Выбрать главу

— Я и не говорил вам этого, Митчелл.

— Совершенно верно. Мне теперь хочется посмотреть вашу землю, пайлот. Я даже хотел бы пожить в ней. Я очень привязался к вам, кэмрад Мошалоу, и к вашим друзьям. Мне нравится ваша молодость. Вы все молоды. Вам двадцать четыре года, а профессору шестьдесят шесть, но у вас обоих одинаково молодая кровь. Она не застывает с годами. Кроме того, после вашего фокуса с лыжей я думаю, что вы лучший летчик из всех, которых я знаю. Очевидно, у вас все таковы. Почему это — я еще не могу понять. Я хотел просить вас, кэмрад Мошалоу, не могли ли бы вы взять меня к себе бортмехаником?

— Я был бы рад сделать это, — дружески сказал Мочалов, садясь рядом с Митчеллом, — но это очень затруднительно.

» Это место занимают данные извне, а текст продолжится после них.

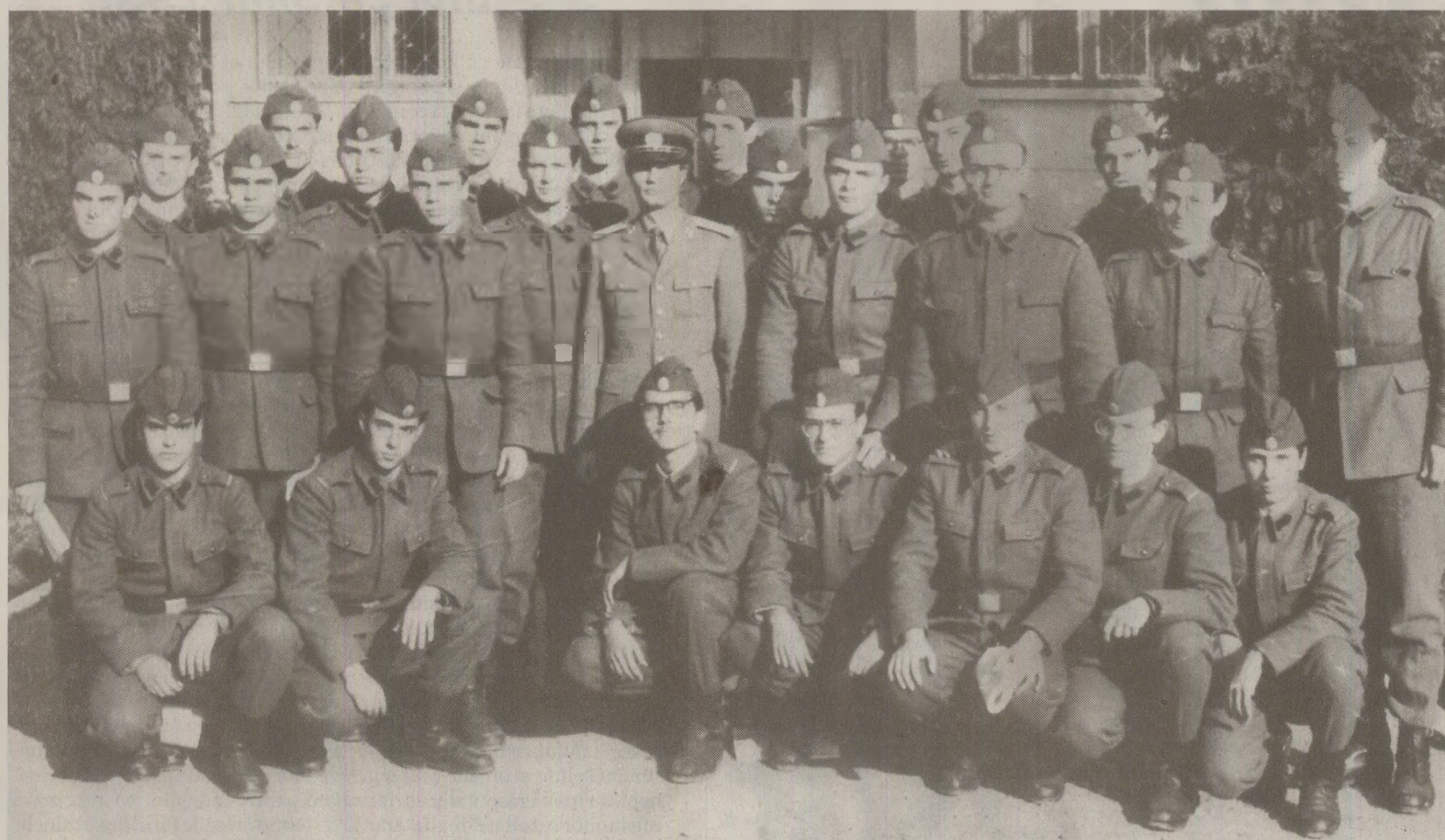
Tinerii recruți erau nevoiți să asculte ore în șir și discursuri propagandistice

La 19 ianuarie, în unitățile și instituțiile militare de învățământ erau în desfășurare adunările generale de dare de seamă și alegerile organizațiilor UTC. Adunările trebuia să dezbăte modul în care birourile UTC au acționat sub îndrumarea organizațiilor de partid pentru educarea comunistă și revoluționară a tinerilor militari. Fiecare organizație UTC-istă mai trebuia să-și facă autocritica și să își ia noi angajamente pentru îndeplinirea sarcinilor ce rețeauă pentru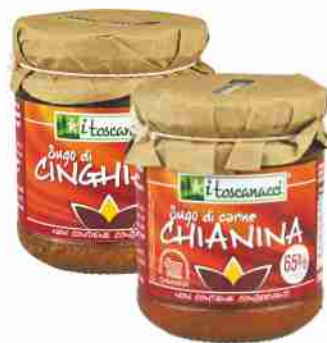
Sughi di carne I Toscanacci vari tipi g 180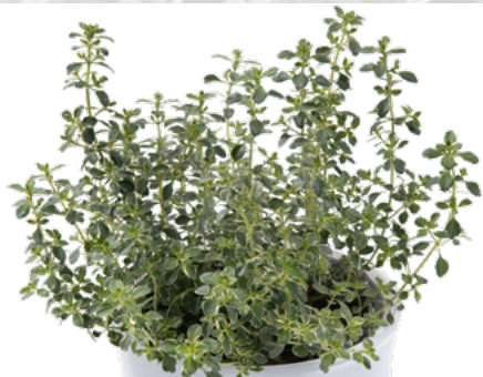
Thymus citriodorus variegata 'Silver Queen' 73488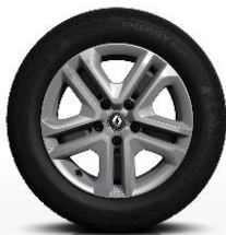
Jeklena platišča Flexwheel 16" z okrasnimi pokrovi Complea

S = Serija O = Opcija - = Ni na voljo * Na voljo v paketu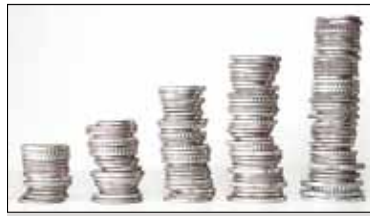
||| Brwinów - Budżet gminy s. 5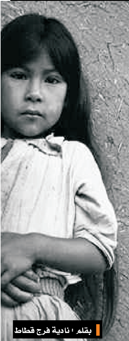
بقلم : نادية فرج قطاط

قمت بغسل فستاني بالماء مراراً وتكراراً، فما إن أغسله بيدي حتى تزداد بقعة الزيت في الاتساع وكذا رقعة الأرض التي تجمعني بهن والتي أتمنى أن ادفن في بطنها كشهيدة الجوع والتسول.. عندها لن يبخسني تاجر المواد الغذائية قطعة صابون لتغسيلي بها ولن يتأخر تاجر الأقمشة عن التصديق بقطعة قماش نظيفة كي تلتحف جسدي الصغير.. يا لقساوة القدر والبشر ومن لا يعرف الوجه القبيح للفقر .. ههههه قطعة صابون ومزيل عرق .. إنها يا سيديتي من الكماليات التي تحصل عليها من قمامة سيدة البيت الذي تعمل لديها أمي الصابرة كخادمة .. مرتب والدتي لا يكفيها لهذا أمور فأنا طفلة لم تحتس العصير قط ولا تعرف مذاق فاكهة التين التي قالت لي معلمة التربية الإسلامية إنها من ثمار الجنة .. ثم أسعدت قلبي عندما أشارت في نهاية الحصة إلي "أن الفقراء سيدخلون الجنة قبل الأغنياء بخمسمائة عام" .. اعتقد أنك يا قدوتي يا أخصائيتي لا تعرفين شيئاً عن بيوت المحرومين و المساكين.

Я военный летчик. Вы не можете быть бортмехаником в армии. Вы иностранец. Но, если хотите, — у меня много друзей в гражданской авиации, прекрасных и опытных летчиков и хороших людей. Они с удовольствием возьмут вас. Если по прошествии некоторого времени вы убедитесь, что наша земля похожа на ту счастливую большую землю, которая снилась вам, вы сможете принять подданство Союза, и тогда мы будем опять вместо и, если придется, драться с людьми, которые не верят в большую землю и хотят ее уничтожить. Согласны?

— Согласен, пайлот, — кивнул Митчелл, — я только возьму с вас слово, что вы постараетесь найти мне работу поблизости от себя и будете отвечать мне на письма.

— Непременно, Митчелл. Беру с вас также обещание писать мне часто и рассказывать о всех своих сомнениях.

— Хорошо, пайлот. И мне можно будет съездить на две недельки в Америку попрощаться с моей ма?

— Без сомнения. Вы можете перевезти и вашу мать на большую землю.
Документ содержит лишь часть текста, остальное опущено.